# Dwarf Sag, Jungle Val, DONE. Need advice on a SUPER low tech tank.



## steven p (Jun 22, 2012)

Mmm. There are a handful of nice build journals here with pictures of what you want but I don't have any bookmarked right now.


----------



## starrlamia (Jul 31, 2012)

Use a different substrate and root tabs, I would think that would work fine. 
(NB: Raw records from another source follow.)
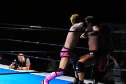 忍コーナーに詰めてガットショット、エルボー連打(左写真)。裕二郎ガットショットからエルボースタッブ、忍またガットショットから逆水平連打。
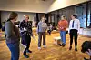 Nach dem ersten Szenedurchlauf rät Susanne Kiste ihrer Schülerin, noch mehr Energie beim Tanzen zu geben. Also noch mal von vorne. Beim Proben wird schnell klar, dass die Jugendlichen Mitspracherecht bei der Gestaltung des Stückes haben. „Hatten wir diesen Satz nicht rausgestrichen?“, hakt ein Schüler nach. Gemeinsam wird darüber diskutiert, während die Band geduldig auf ihren nächsten Einsatz wartet.
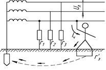 набагато менший опору витоків r, ємкісного опору фаз відносно землі і самої людини , - опір розтікання струму в землі при стіканні струму з людини в землю.
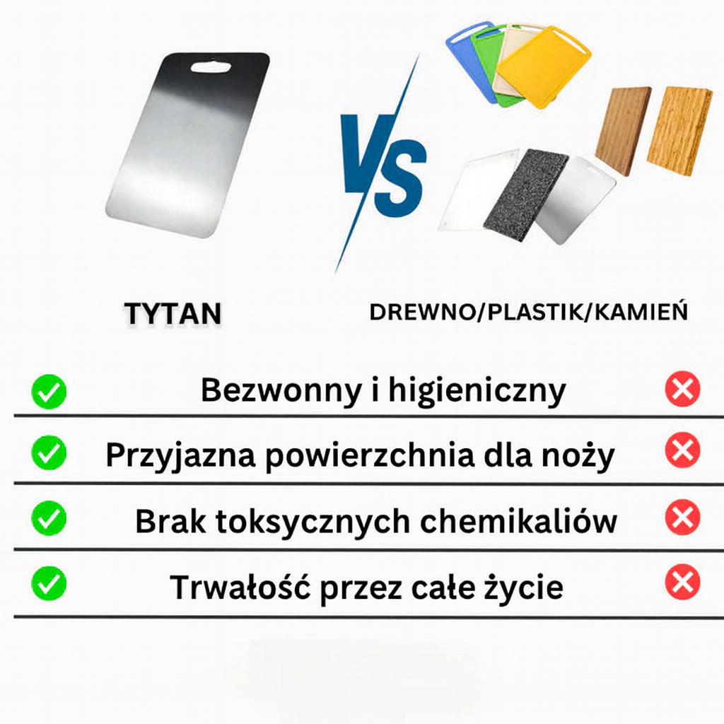 Tizonaa PureCut to deska wykonana w 100% z tytanu – materiału cenionego za trwałość, neutralność bakteryjną i odporność na zapachy.
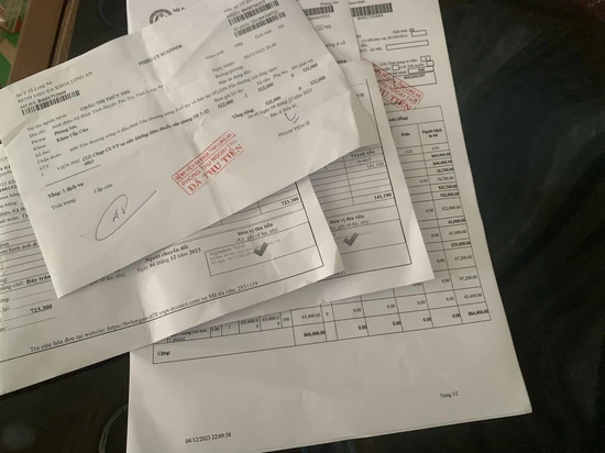 Hóa đơn của chị Châu Thị Thúy Nhi (35 tuổi), ngụ ấp Bình Điện, xã Bình Tịnh, huyện Tân Trụ, Long An khi nhập viện bệnh viện đa khoa Long An. Ảnh: Thiên Long
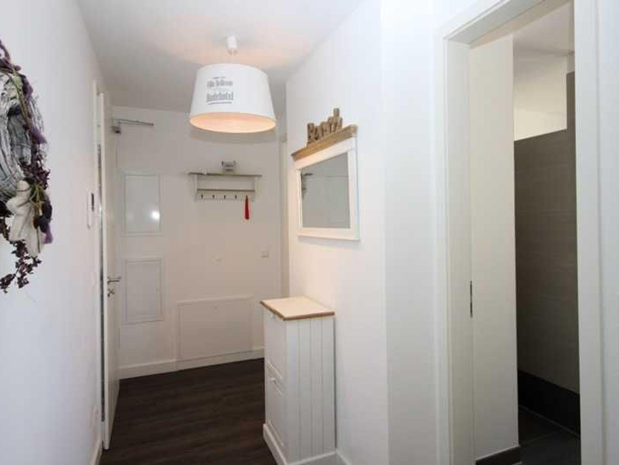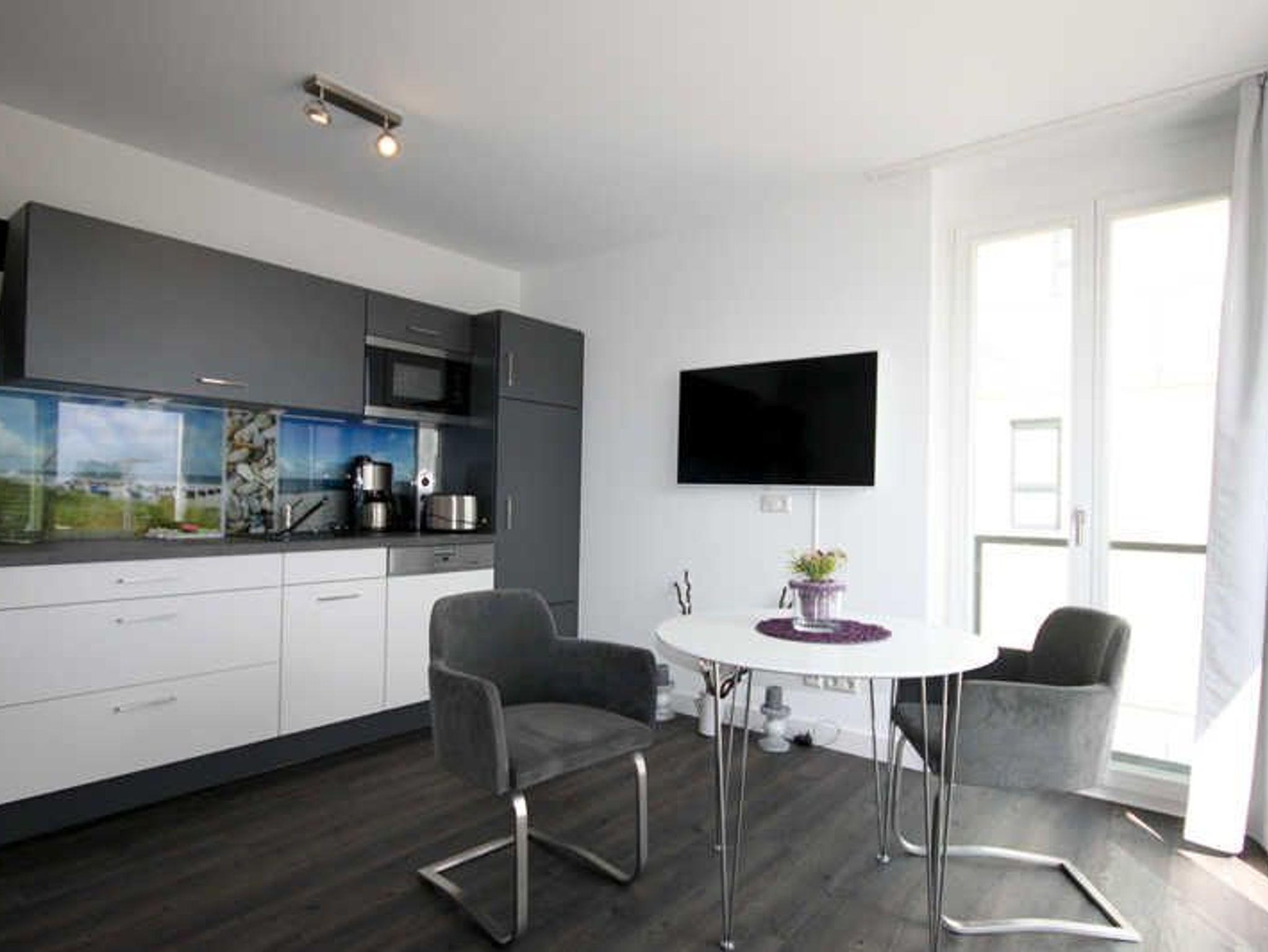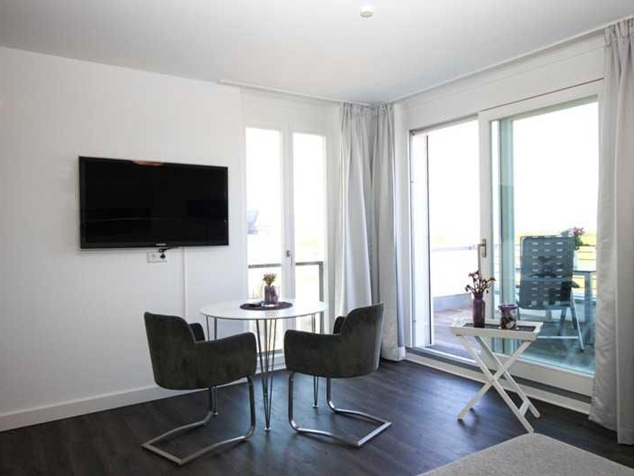 Diese hochwertige Ferienwohnung besteht aus einem Wohn- und Essbereich, einem Schlafraum sowie Balkon. Im Wohnbereich finden Sie eine bequeme Zweisitzer-Couch und einen Flatscreen-TV. Das Schlafzimmer bietet Ihnen ein großes Boxspringbett mit einer durchgehenden und angenehm weichen Matratze. Für weitere Bequemlichkeit sorgt hier ein begehbarer Kleiderschrank. Die offene Küche- mit rundem Esstisch und zwei bequemen Stühlen, lädt natürlich zum Essen oder zu einem Spieleabend ein. Die Küchenzeile überzeugt mit Geschirrspüler, Mikrowelle, Backofen, Cerankochfeld und Kühlschrank, inklusive Gefrierfach. Das großzügige Duschbad verfügt über eine bodengleiche Dusche, einen Handtuchwärmer, einen kompakten Waschtisch und einen Föhn. Im Strandkorb auf dem eigenen Balkon in Nordausrichtung können Sie wunderbar relaxen. Für Ihr Fahrzeug steht ein kostenfreier Tiefgaragenplatz mit Aufzug bis zur Wohnungsetage bereit. Bitte beachten Sie die Durchfahrtshöhe von max. 1,90 m. Bei Überschreitung der maximalen Durchfahrtshöhe, besteht die Möglichkeit auf einen kostenpflichtigen Parkplatz in unmittelbarer Nähe auszuweichen. Ihre Fahrräder können im abschließbarer Fahrradraum der Tiefgarage im Gebäude sicher aufbewahrt werden. Noch einige Hinweise: Die Wohnung selbst ist eine Nichtraucherwohnung. Haustiere sind hier generell nicht erlaubt. Das kostenfreie WLAN in der Unterkunft ist ausschließlich für die Verwendung von Social Media und den Austausch von Bildern mit Familie und Freunden gedacht. Die Nutzung zum Streamen von Filmen ist nicht vorgesehen. Wäscheset, Kinderreisebett und Kinderhochstuhl können kostenpflichtig zugebucht werden. Eine Waschmaschine und ein Trockner stehen im Waschraum im Erdgeschoss des Objekts gegen Gebühr zur Verfügung (50 Cent- Münzen). Sichern Sie sich zusätzlich den Anspruch auf einen der begehrten Strandkörbe nur ein paar Meter entfernt von den rauschenden Wellen der Ostsee (Anfang Mai - Ende August) und buchen Sie jetzt zu besonderen Konditionen (12,00 Euro pro Tag oder 75,00 Euro pro Woche.)

Sent from my Nexus S using Tapatalk 2


----------



## BruceF (Aug 5, 2011)

I had some dwarf sag growing in a tank and planted some crypts in pots to keep them seperate. The dwarf sag got into the pots anyway. I find it won't grow on a rock and so I use rocks in the places I don't want it. If nothing else the rocks make it easier to cut and prune the plants that grow under and beyond them. I imagine the partition would work well if you keep up the pruning. It just needs to be solid all the way down to the glass. 
As for sand and dirt, I find the root mass is so thick that in the end it really doesn't matter. For pruning individual runners I find it is just a matter of being gentle and maybe leaving the filter off for a while to let things settle. Scissors and long tweezers help a lot. 
I have also read that one should not grow sag and val together though that was many years ago. Innes claimed they were incompatable but that was a long time ago. I have never tried.


----------



## FORREST3320 (Sep 9, 2011)

I planed on nerly same tank setup in my 55 but using italian val or leperod vals thinner but I was going to put a layer of osmocote down then substarte then plant and after 3-4 months just put osmocote capsule down you can get 100 capsulce off amazon real cheap and just use the left over osmocote. Simple i have been using osmocote capsules in my 40 gallon and it is going great it is a very low tech tank well more like jungle lol


----------